State ex rel. Ascani v. Stark Cty. Bd. of Elections

Decision Date15 October 1998
Docket NumberNo. 98-1914,98-1914
Citation83 Ohio St.3d 490,700 N.E.2d 1234
PartiesThe STATE ex rel. ASCANI et al. v. STARK COUNTY BOARD OF ELECTIONS et al.
CourtOhio Supreme Court

Northfield Park Associates ("Northfield Park"), an Ohio general partnership, owns and operates a standardbred horseracing track in Northfield, Ohio. Northfield Park established Canton OTB, Ltd. ("Canton OTB"), an Ohio limited liability company, to operate an R.C. 3769.25(E) satellite facility. 1 On March 16, 1998, after Canton OTB requested that intervening relator, city of Canton, approve its application to open and operate a satellite facility in the city, the Canton City Council passed an emergency ordinance approving the application subject to the further approval of the Ohio State Racing Commission. The Canton Mayor approved the ordinance on March 17.

Shortly thereafter, according to published articles of The Canton Repository newspaper, respondent Stark County Elections Board Member Charles E. Brown, in his capacity as Stark County Republican Party Chairman, spearheaded a drive to circulate an initiative petition to submit the issue of a satellite facility in Canton to the Stark County voters pursuant to R.C. 3769.27. The articles indicated that Brown, an attorney, drafted the petition language.

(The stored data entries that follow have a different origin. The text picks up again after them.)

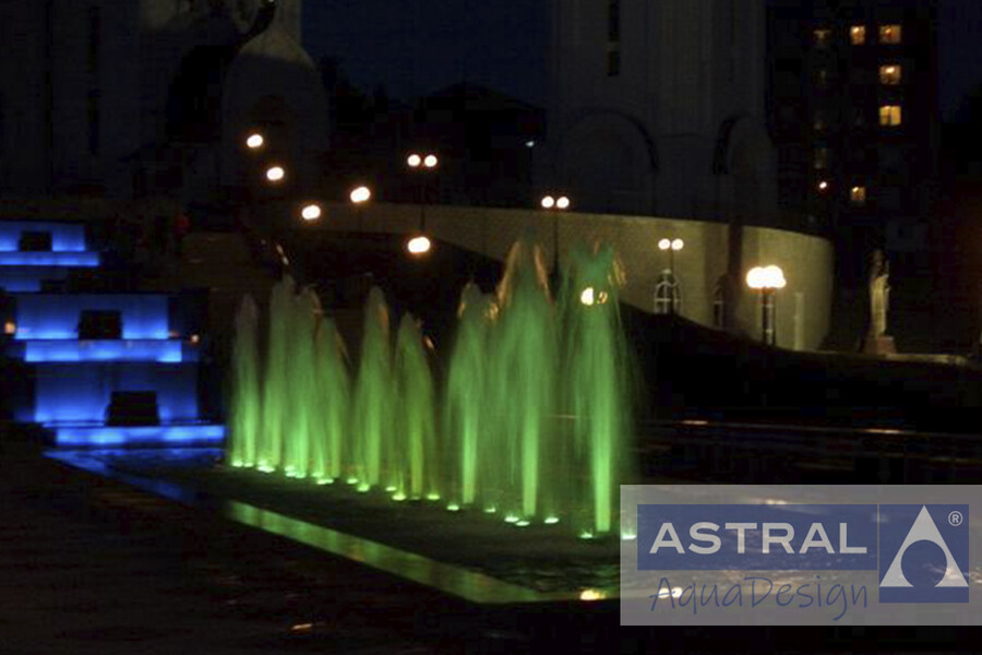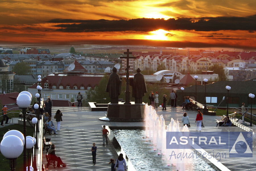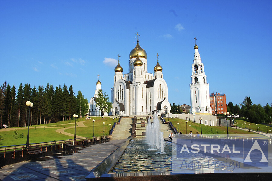Фонтанный комплекс, получивший название "Дорога к храму" построен в городе Ханты-Мансийске. Он состоит из нескольких чаш разделенных между собой камнями на которых выгравированы христианские заповеди. Пенные насадки установленные по всему периметру создают пышный водный рисунок. Каждая струя подсвечивается RGB светильниками. Строительство фонтанного комплекса велось при непосредственном участии наших специалистов.
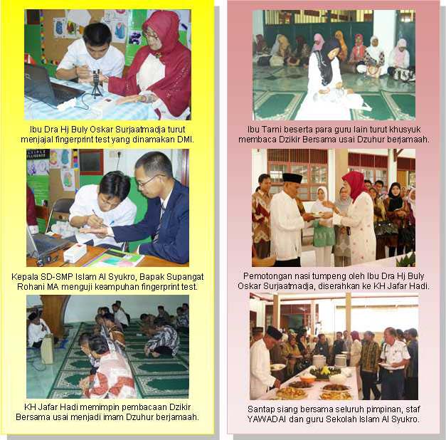 ”Kami selalu berusaha meningkatkan mutu pendidikan di Al Syukro ini dan tentunya kita sepakat bahwa pendidikan yang bermutu akan membawa kita pada terbentuknya generasi lebih baik. Untuk tujuan itu, kita berusaha di lembaga masing-masing, dengan tugas dan tanggung jawab semuanya kita dedikasikan untuk melahirkan generasi yang lebih baik dimasa yang akan datang,” tutur Ketua Umum YAWADAI, Ibu Dra Hj Buly Oskar Surjaatmadja dalam kata sambutannya memperingati milad ke-14 YAWADAI, pada Sabtu-17 April 2010 di Sekolah Islam Al Syukro.
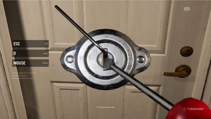 - Sử dụng chuột để xoay lockpick một cách cẩn thận, sau đó nhấn phím D để tiến hành thử mở khóa.
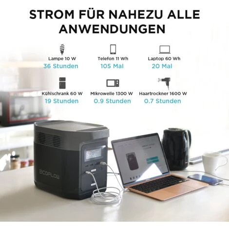 【Mehrere Ladeausgänge bieten mehr Optionen】Die DELTA verfügt über 4 x AC-Steckdose (220–240 V, 1.800 W, Spitze 3.300 W), 2 x USB-C-Anschluss, 2 x USB-A-Anschluss, 2 x USB-A-Schnellladung und 1 x Standard-DC-Kfz-Anschluss für 13,6 V, Stromversorgung für Smartphone, Laptop, Kamera, Drohnen, Geräte im Fahrzeug, CPAP-Gerät, Kühlschrank, Mixer und mehr – jederzeit und sorgenfrei.
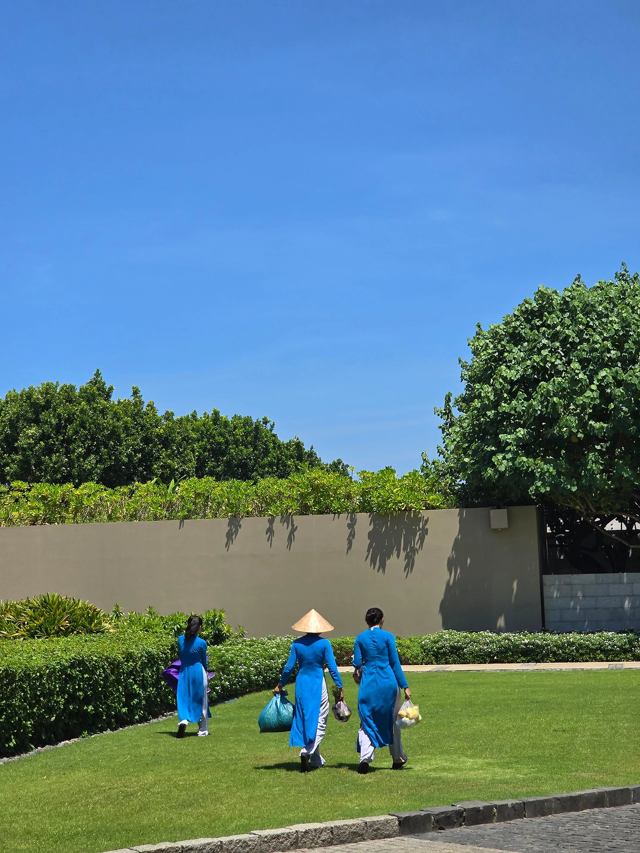 베트남의 한 리조트에서 배달시킨 음식을 기다리는데, 땡볕을 피해 그늘 속에 들어와 있는데, 게이트를 지키는 직원과 눈이 마주친다. 그가 웃으며 먼저 인사를 하고 나도 같이 웃으며 인사를 한다. 파란 아오자이를 입은 여성 세 명이 양손 가득 짐을 들고 있다. 셋은 즐겁게 웃으며 빠르게 걸어왔다. 갑자기 바람이 훅 불어와 한 명이 쓰고 있던 베트남 모자, 농이 날아갔다. 게이트를 지키는 직원이 여성에게 농을 씌워준다. 둘 다 웃고 있다. 나도 웃는다. 뜨거운 태양 아래, 하늘과 바다와 여성의 아오자이가 모두 파랗게 우리의 웃음에 걸려 있었다. 같은 옷을 입은 세 여성의 뒷모습을 바라보는데, 아름다움은 자연스럽게 스며드는 것이라고,
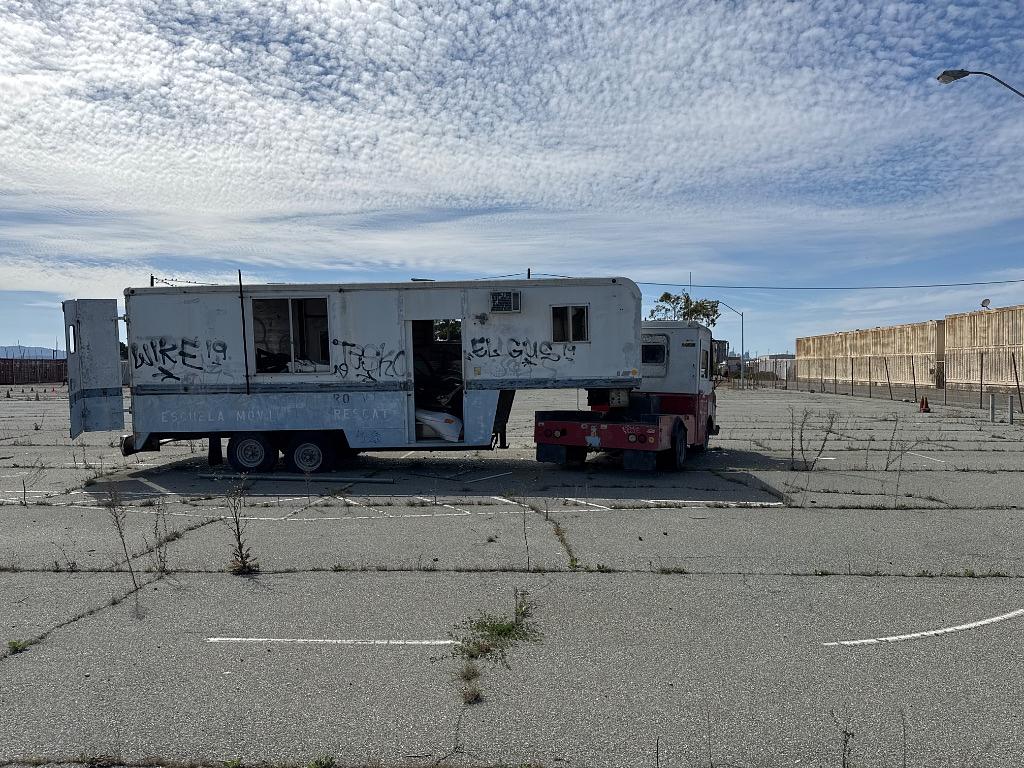 The trailer features the Spanish text **"Escuela Movil"** (Mobile School), suggesting it was once repurposed as a mobile classroom or community outreach unit before being abandoned here. Its current state—vandalized with graffiti—reflects the complex transition of the Alameda Point area, which struggles between high-end redevelopment and its identity as an industrial wasteland favored by urban explorers and street artists. The location is also adjacent to the Alameda Point "Enterprise Zone," where the lack of active surveillance allows such relics to remain for years as unintended monuments to urban decay.

On June 11, after conducting a public hearing, the Ohio State Racing Commission approved Northfield Park's application to open and operate, through Canton OTB, a satellite facility in Canton.

On June 18, the petition entitled "Local Option Election Petition," signed by qualified Stark County electors, was filed with respondent Stark County Board of Elections. The petition did not contain the election falsification statement specified in R.C. 3501.38(J), including instead the following statement required by R.C. 3599.36: "WHOEVER COMMITS ELECTION FALSIFICATION IS GUILTY OF A FELONY OF THE FIFTH DEGREE." The petitioners requested that the following question be submitted to the Stark County electors at the November 3 general election:

"Shall satellite facilities that receive simulcasts of live horse races and that conduct wagering on those simulcasts be prohibited throughout this county for a period of five (5) years?"

On August 4, the board certified the foregoing issue to the November 3 Stark County general election ballot.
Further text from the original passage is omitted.